Your instructions: Set the material down again exactly, line by line, skipping each picture.

Study material:
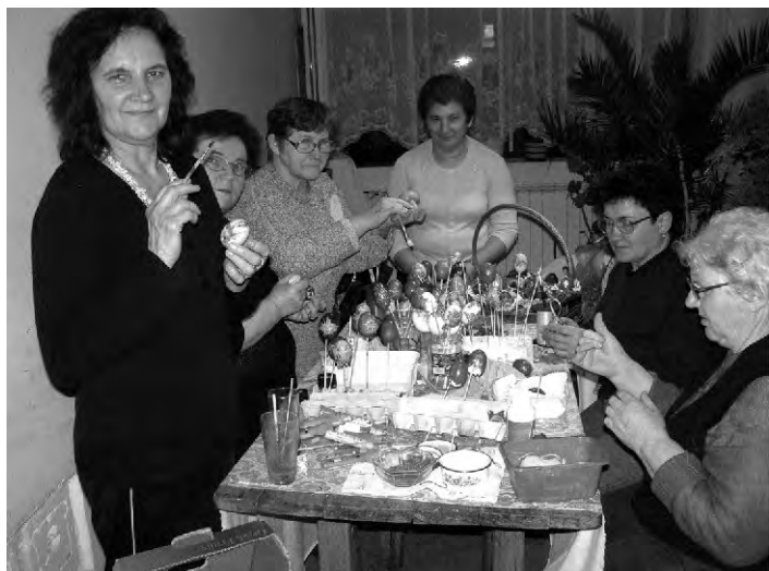
Vrijedne žene iz Doljana osnovale su Udrugu prije deset godina i dosad imale mnoge javne nastupe, priredbe i izložbe. Svaka čast !
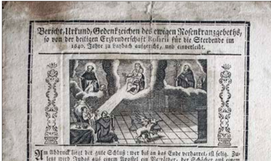
5. Rožni venec pomaga umirajočemu, pristopnica bratovščine vednega rožnega venca pri ljubljanskih avguštincih, natisnili Widmanstätterjevi dediči, detajl, ZRC SAZU, Umetnostnozgodovinski inštitut Franceta Steleta, Ljubljana
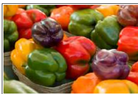
Fig 33 – Variedades de pimentão.
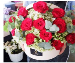
Mix Bloom Box
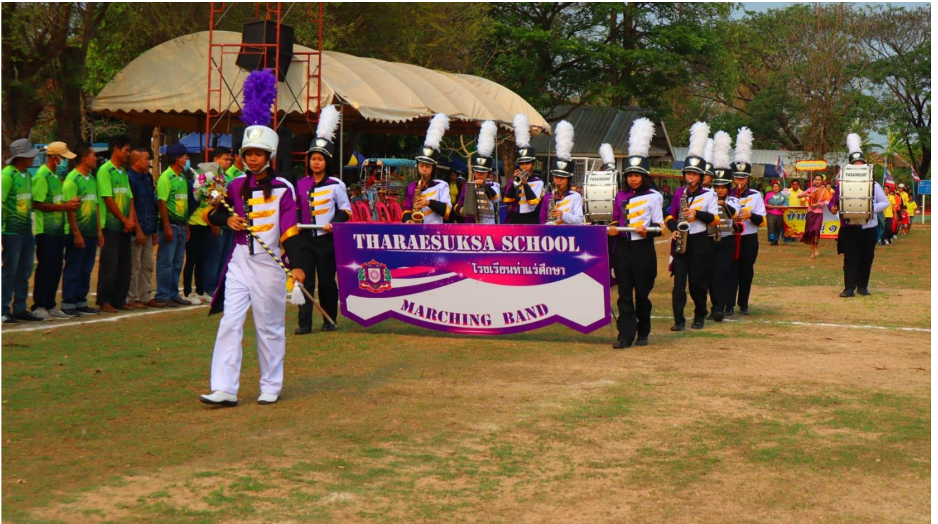
วงดุริยางค์นำขบวนนักกีฬาเข้าสู่สนาม

Output below:
Vrijedne žene iz Doljana osnovale su Udrugu prije deset godina i dosad imale mnoge javne nastupe, priredbe i izložbe. Svaka čast !
5. Rožni venec pomaga umirajočemu, pristopnica bratovščine vednega rožnega venca pri ljubljanskih avguštincih, natisnili Widmanstätterjevi dediči, detajl, ZRC SAZU, Umetnostnozgodovinski inštitut Franceta Steleta, Ljubljana
Fig 33 – Variedades de pimentão.
Mix Bloom Box
วงดุริยางค์นำขบวนนักกีฬาเข้าสู่สนาม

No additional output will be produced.